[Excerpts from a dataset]

[Start of Attachment]

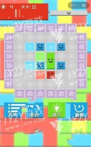 把每关中不同颜色的方块,推到与其颜色相符的空格里。
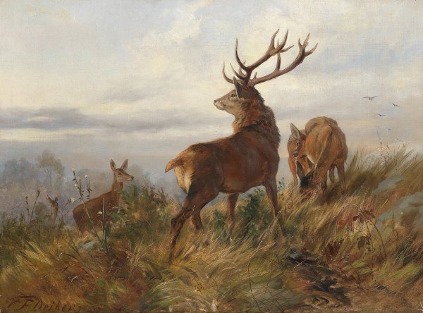 Rotwild in der Morgendammerung by Carl Friedrich Deiker is guaranteed to be hand-painted on canvas by a master artist that has years of training and experience in capturing every brushstroke detail, color palette, and overall beauty of the original oil painting.
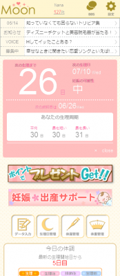 スマートフォン向け無料生理日予測サイトMoon
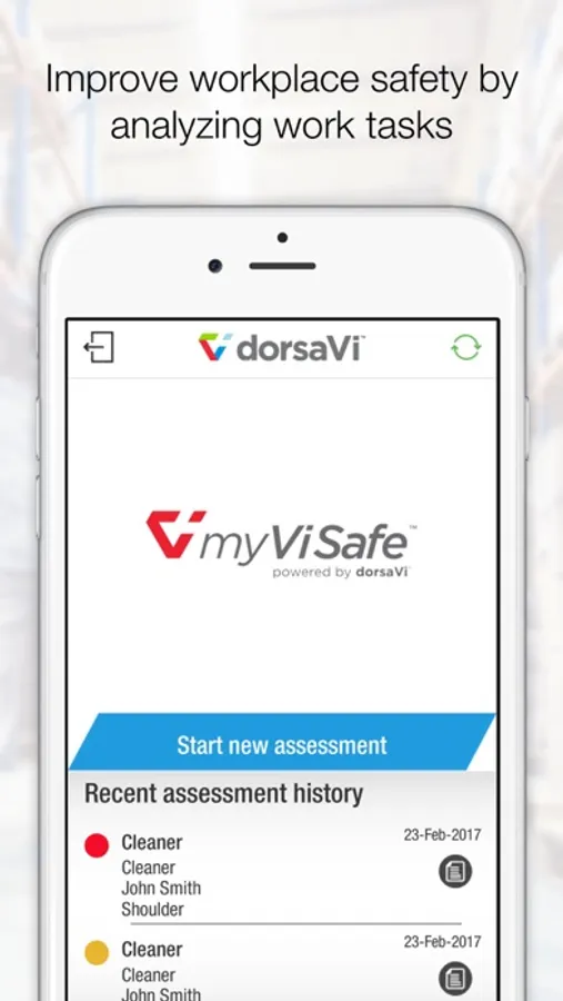 Use the dorsaVi myViSafe app to collect movement data from the myViSafe mini sensors. The myViSafe app sends and receives data from the cloud-based myViSafe database. myViSafe is intended to be used in the workplace to help improve workplace safety. myViSafe is capable of assessing low back and shoulder movement.
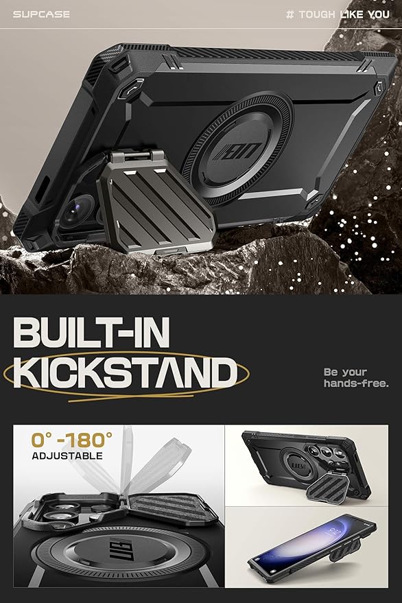 SUPCASE for Samsung Galaxy S24 Ultra Case with Stand [Built-in Camera Cover Kickstand] [S Pen Friendly] [Compatible with MagSafe] Heavy Duty Rugged Magnetic Phone Case for Galaxy S24 Ultra, Black
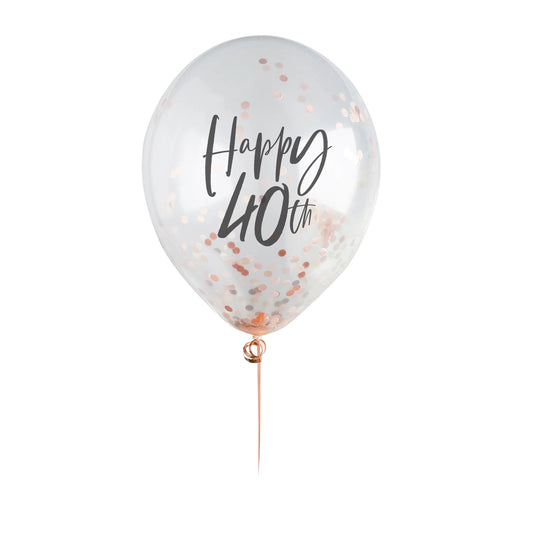 Διάφανα Μπαλόνια 'Happy 40th' με rosegold κομφετί (5 τεμ)
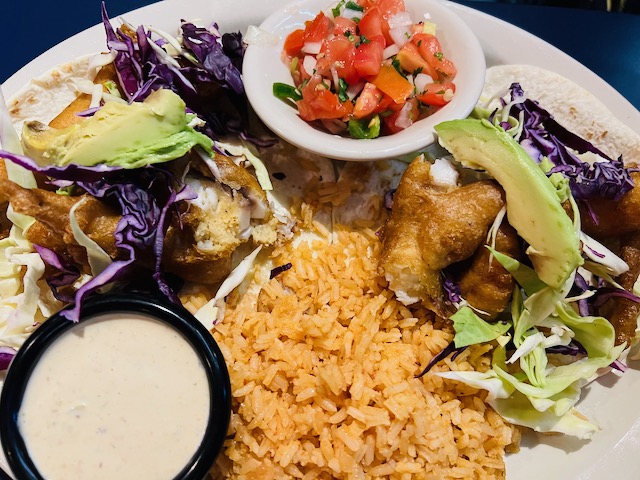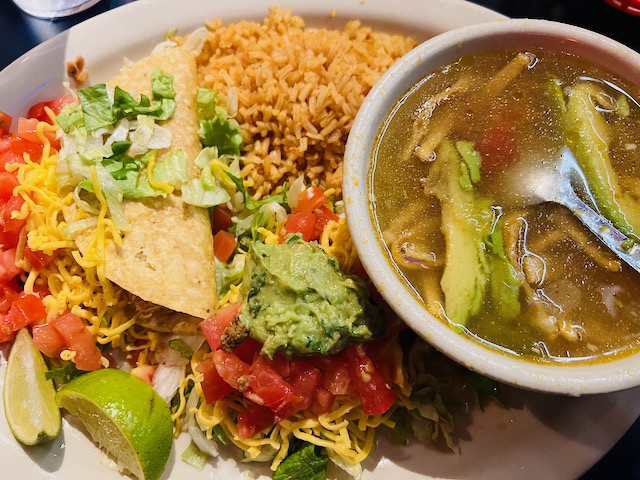 Our faves include the chicken quesadillas ($16, but enough for two), fish tacos (two grilled or fried tilapia tacos with shredded cabbage, chipotle ranch, and fresh lime plus rice and beans; $17), and tortilla soup (chicken soup with tortillas strips, cheese, avocado, and rice; $10). The chips and salsa are dang good as are the margaritas (a recent mescal-arita was delightfully smoky). The chicken fajitas are darn good as well.

[End of Attachment]

> _How to complete this task_: Give the lines above again exactly, from the one containing "Rotwild in der" to the one containing "SUPCASE for Samsung", both included, but leave out the pictures.

> _Answer to the problem_:
 Rotwild in der Morgendammerung by Carl Friedrich Deiker is guaranteed to be hand-painted on canvas by a master artist that has years of training and experience in capturing every brushstroke detail, color palette, and overall beauty of the original oil painting.
 スマートフォン向け無料生理日予測サイトMoon
 Use the dorsaVi myViSafe app to collect movement data from the myViSafe mini sensors. The myViSafe app sends and receives data from the cloud-based myViSafe database. myViSafe is intended to be used in the workplace to help improve workplace safety. myViSafe is capable of assessing low back and shoulder movement.
 SUPCASE for Samsung Galaxy S24 Ultra Case with Stand [Built-in Camera Cover Kickstand] [S Pen Friendly] [Compatible with MagSafe] Heavy Duty Rugged Magnetic Phone Case for Galaxy S24 Ultra, Black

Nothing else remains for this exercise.